++++ Supplied material ++++
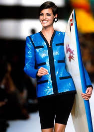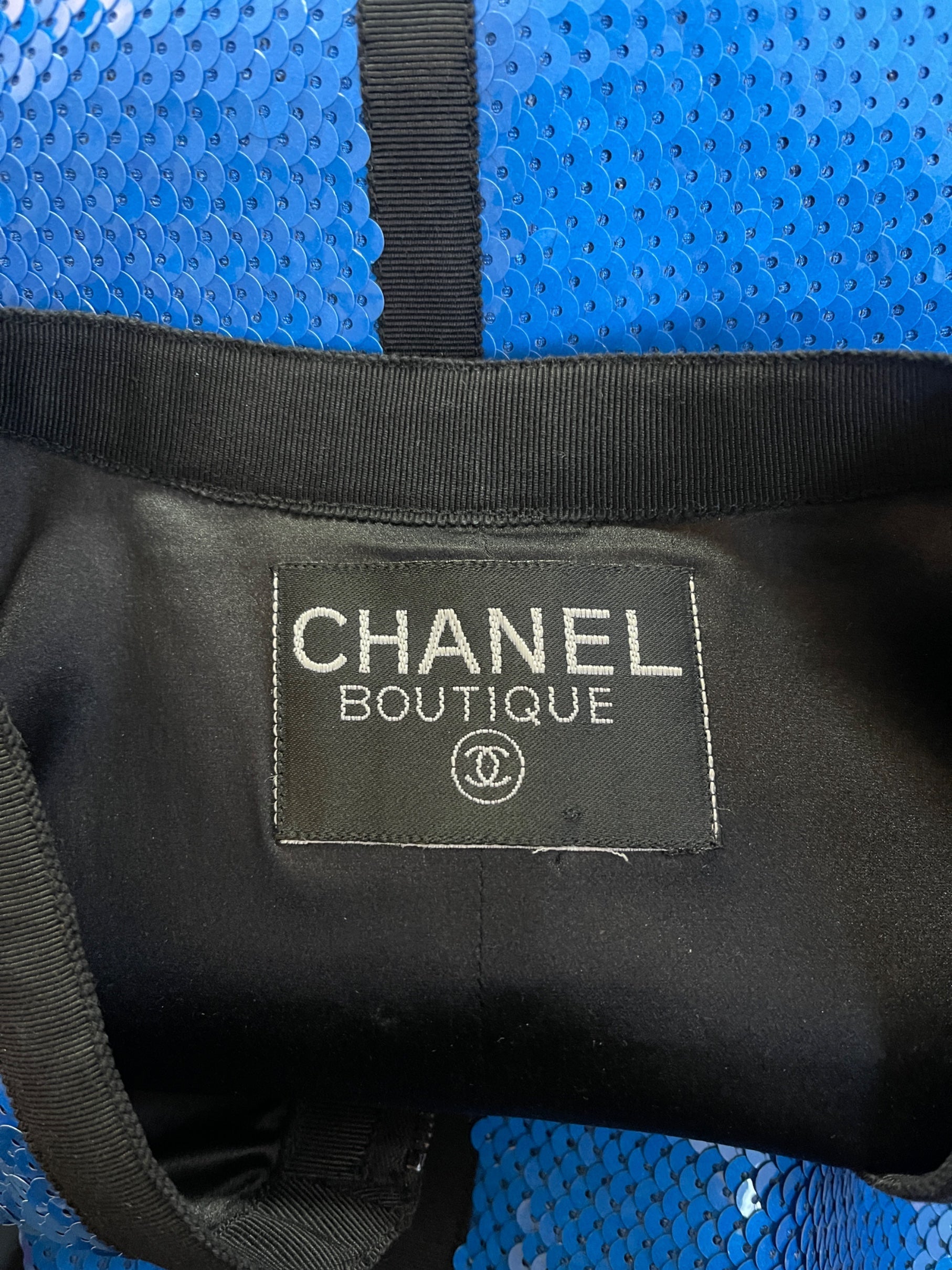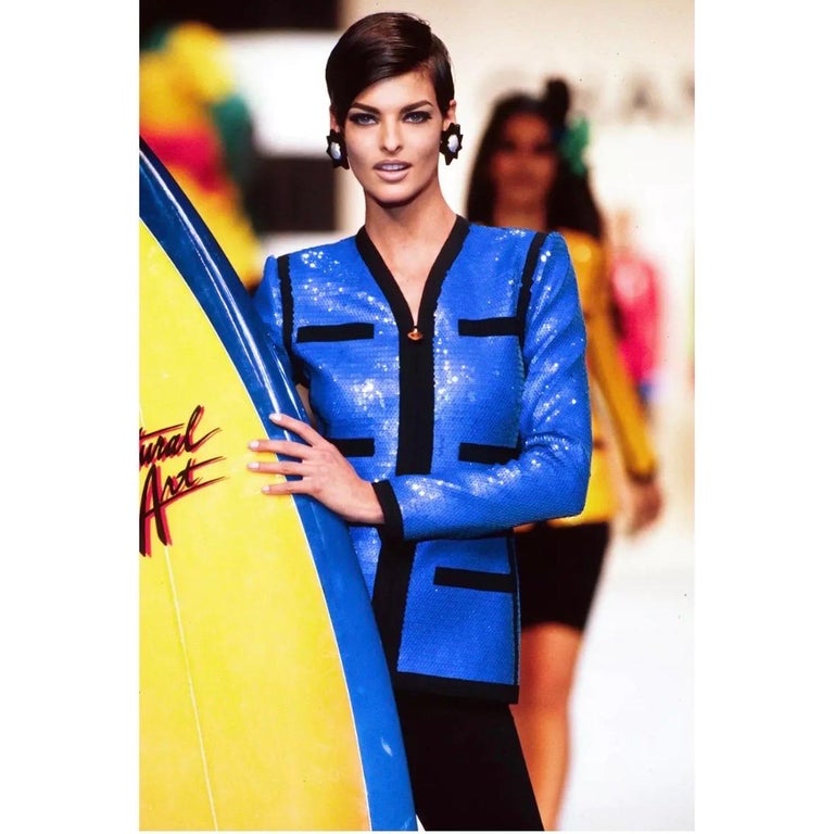 This iconic jacket was designed by Karl Lagerfeld for Chanel as part of the Spring 1991 collection. It was worn by supermodel Linda Evangelista as she carried a surfboard down the runway and featured in the campaign for that season on Christy Turlington and Linda Evangelista. It was also featured on the January 1991 cover of American Vogue. This jacket is one of the most recognisable pieces in Chanel’s history - a true piece of trophy vintage. Tailored from black silk satin, it is adorned all-over in electric blue sequins that create a shimmering scale-like skin. Taking silhouette inspiration from the zip-up front of wetsuits, it has a black tonal zip which closes the front with a circular gold-tone zip-pull finished with the brand’s double-C logo. The jacket is detailed with black grosgrain ribbon down the front, around the collar, atop four-faux pockets and trimming each of the split cuffs. The jacket is lined with black silk-satin.
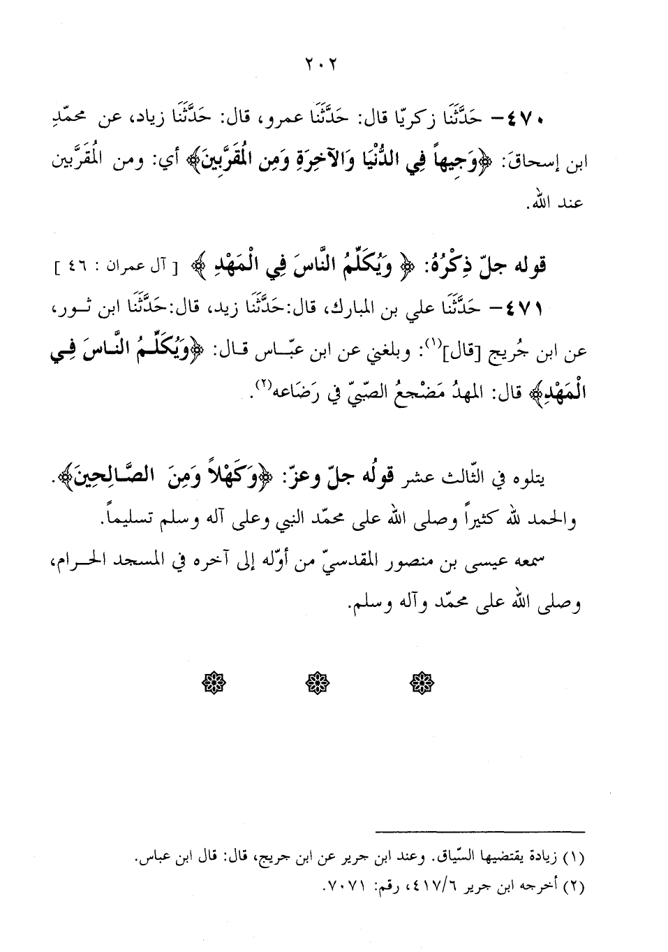 470 - حَدَّثَنَا زَكَرِيَّا، قَالَ: حَدَّثَنَا عمرو، قَالَ: حَدَّثَنَا زياد، عَنْ محمد بْن إِسْحَاق: {وَجِيهًا فِي الدُّنْيَا وَالآخِرَةِ وَمِنَ الْمُقَرَّبِينَ} أي " ومن المقربين عِنْد اللهِ
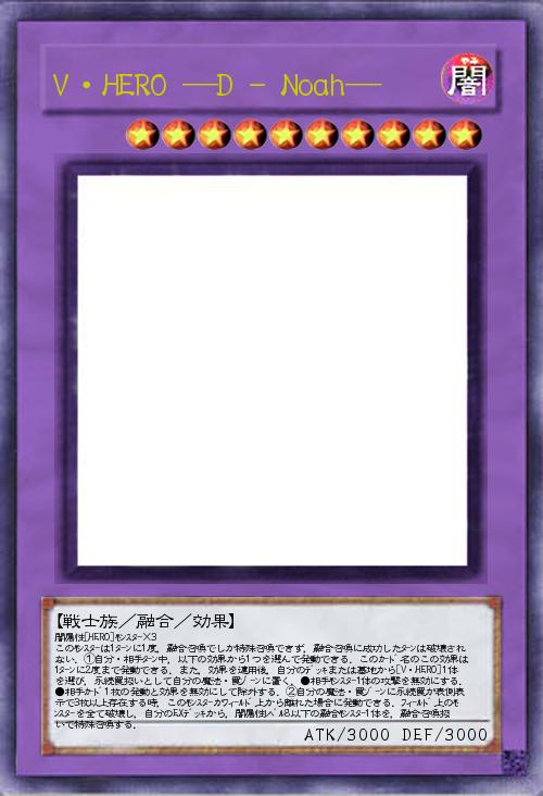 | 闇属性[HERO]モンスタ-×3 このモンスタ-は1タ-ンに1度,融合召喚でしか特殊召喚できず,融合召喚に成功したタ-ンは破壊されない.①自分・相手タ-ン中,以下の効果から1つを選んで発動できる.このカ-ド名のこの効果は1タ-ンに2度まで発動できる.また,効果を適用後,自分のデッキまたは墓地から[V・HERO]1体を選び,永続罠扱いとして自分の魔法・罠ゾ-ンに置く.●相手モンスタ-1体の攻撃を無効にする.●相手カ-ド1枚の発動と効果を無効にして除外する.②自分の魔法・罠ゾ-ンに永続罠が表側表示で3枚以上存在する時,このモンスタ-がフィ-ルド上から離れた場合に発動できる.フィ-ルド上のモンスタ-を全て破壊し,自分のEXデッキから,闇属性レベル8以下の融合モンスタ-1体を,融合召喚扱いで特殊召喚する. | |||
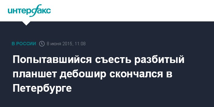 Попытавшийся съесть разбитый планшет дебошир скончался в Петербурге
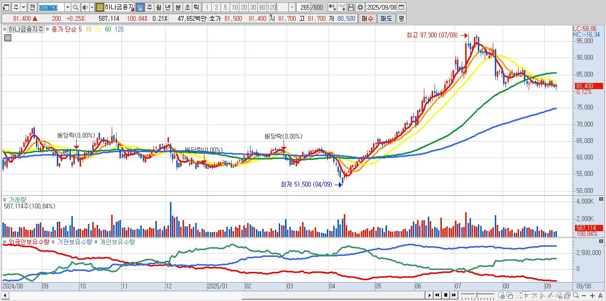 - 하나금융지주 (81,500원 ▲ 0.37% , 시총: 232,050억, 외국인 순매수 거래금:59억)
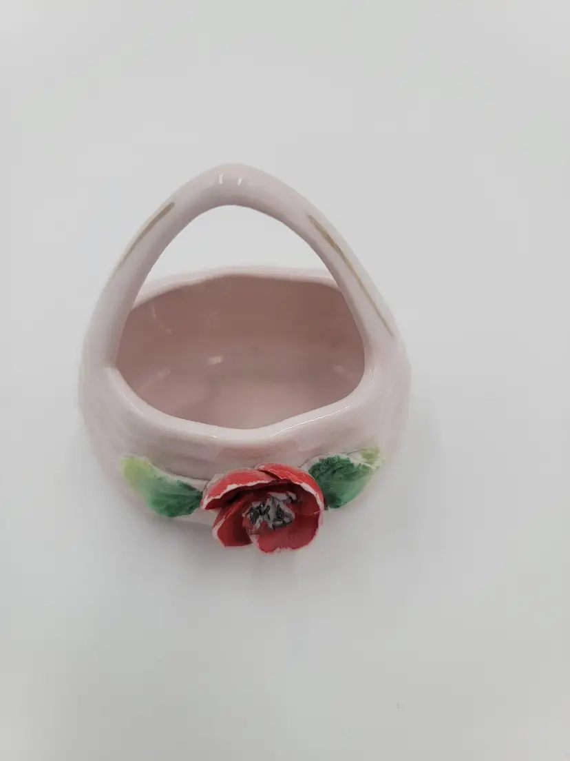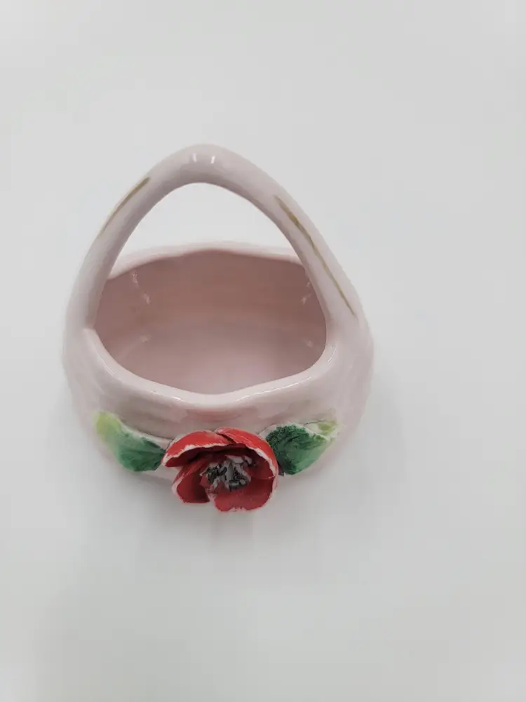 This charming vintage ceramic basket, featuring a soft pink hue with adorable red accents, is perfect for holding your trinkets or serving as a quaint candy dish. Its unique design adds a touch of nostalgia to any room. Germany maid maker mark 2 in 2in 2in as is.
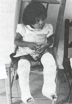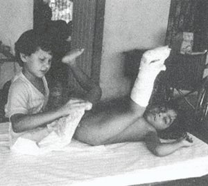 Her family saved money and took Maricela to a rehabilitation center in the city. After a long wait, a therapist examined her. He explained that Maricela needed to stretch the muscles on the inner side of her thighs, so her knees would not press together as much. He recommended that her parents do special exercises with her, and that they buy a special plastic seat to hold her knees wide apart.
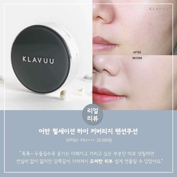Klavuu Urban Pearlsation High Coverage Tension Cushion SPF50+/PA++++ phấn nước đa năng, kết hợp giữa skincare và makeup: vừa có tác dụng dưỡng trắng, dưỡng ẩm, che khuyết điểm, chống nắng, kiềm dầu, ngăn ngừa lão hóa da… với thành phần chính là ngọc trai, rong biển, tảo biển… giàu vitamin, collagen và dưỡng chất.
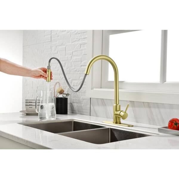 Touch Single Handle Pull Down Sprayer Kitchen Faucet in Gold
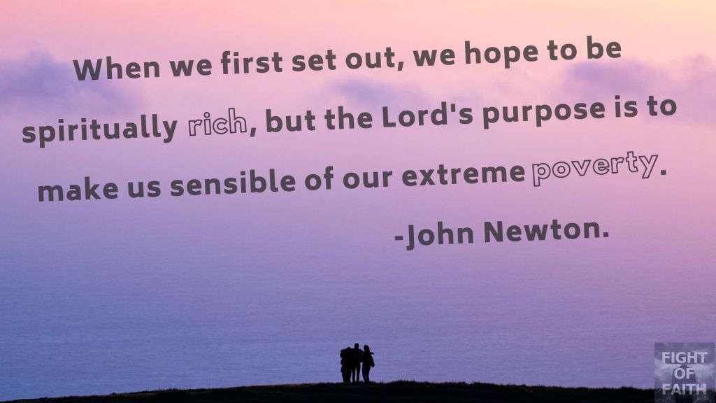 When we first set out, we hope to be spiritually rich–but the Lord’s purpose is to make us sensible of our extreme poverty. We wish to be something–but He is teaching us that we are nothing.
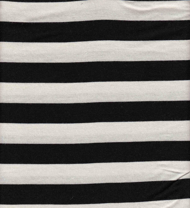 This 1 yard Rayon Span Fabric features a stylish 1" stripe pattern in black and ivory, made from 96% rayon and 4% spandex. With a fabric width of 58/60 inches and a GSM of 180, this fabric is ideal for creating comfortable and chic apparel such as t-shirts, dresses, and casual tops. The yarn-dyed stripes ensure vibrant and lasting color, making this fabric both functional and fashionable.
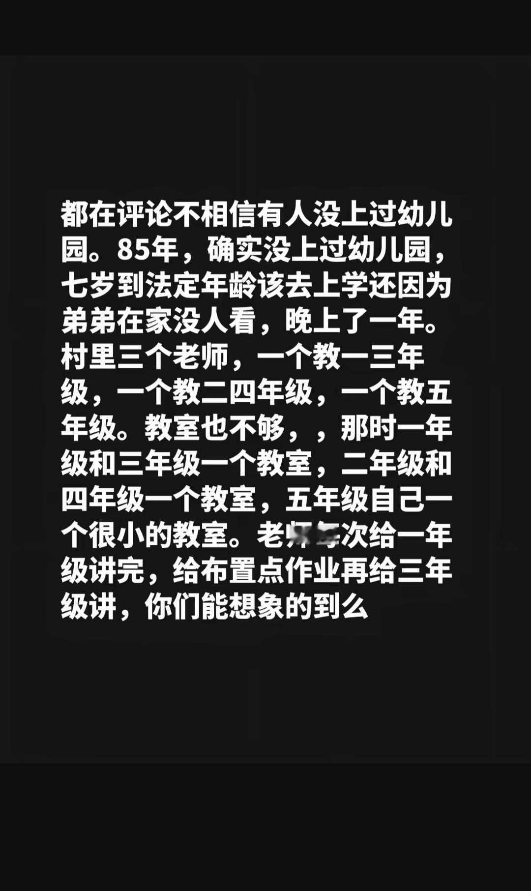 80后的我,没有上过幼儿园,跟着学前班的哥哥每天上学玩,估摸有半年吧,经常趴在窗户外跟着老师朗读,哥哥下课了就和他们玩沙子,有时候他们在教室写作业,没有朗读的时候,我就一个人在操场的沙坑里写数字或拼音。从小好像就比较爱想学习,会数十六了,就回家写了个106,问妈妈这是十六吗?妈妈说分个位,十位,百位,我写的是一百零六,十六是16这样写的,她说了一遍我就懂了。我天天泡在学校,冬天天冷,老师就让我进了教室坐我哥哥旁边,但没有交学费也没有自己座位,期末考试老师多沓印了一份语文和数学试卷给我做做看,我语文得了96,数学100分,就这样跟着哥哥一起读了一年级!
++++
_Instructions for the task_. Lines before the one containing "When we first" are not wanted; write out that line and every later line through the end of the data above, exactly, without pictures.

_Answer section_.
 When we first set out, we hope to be spiritually rich–but the Lord’s purpose is to make us sensible of our extreme poverty. We wish to be something–but He is teaching us that we are nothing.
 This 1 yard Rayon Span Fabric features a stylish 1" stripe pattern in black and ivory, made from 96% rayon and 4% spandex. With a fabric width of 58/60 inches and a GSM of 180, this fabric is ideal for creating comfortable and chic apparel such as t-shirts, dresses, and casual tops. The yarn-dyed stripes ensure vibrant and lasting color, making this fabric both functional and fashionable.
 80后的我,没有上过幼儿园,跟着学前班的哥哥每天上学玩,估摸有半年吧,经常趴在窗户外跟着老师朗读,哥哥下课了就和他们玩沙子,有时候他们在教室写作业,没有朗读的时候,我就一个人在操场的沙坑里写数字或拼音。从小好像就比较爱想学习,会数十六了,就回家写了个106,问妈妈这是十六吗?妈妈说分个位,十位,百位,我写的是一百零六,十六是16这样写的,她说了一遍我就懂了。我天天泡在学校,冬天天冷,老师就让我进了教室坐我哥哥旁边,但没有交学费也没有自己座位,期末考试老师多沓印了一份语文和数学试卷给我做做看,我语文得了96,数学100分,就这样跟着哥哥一起读了一年级!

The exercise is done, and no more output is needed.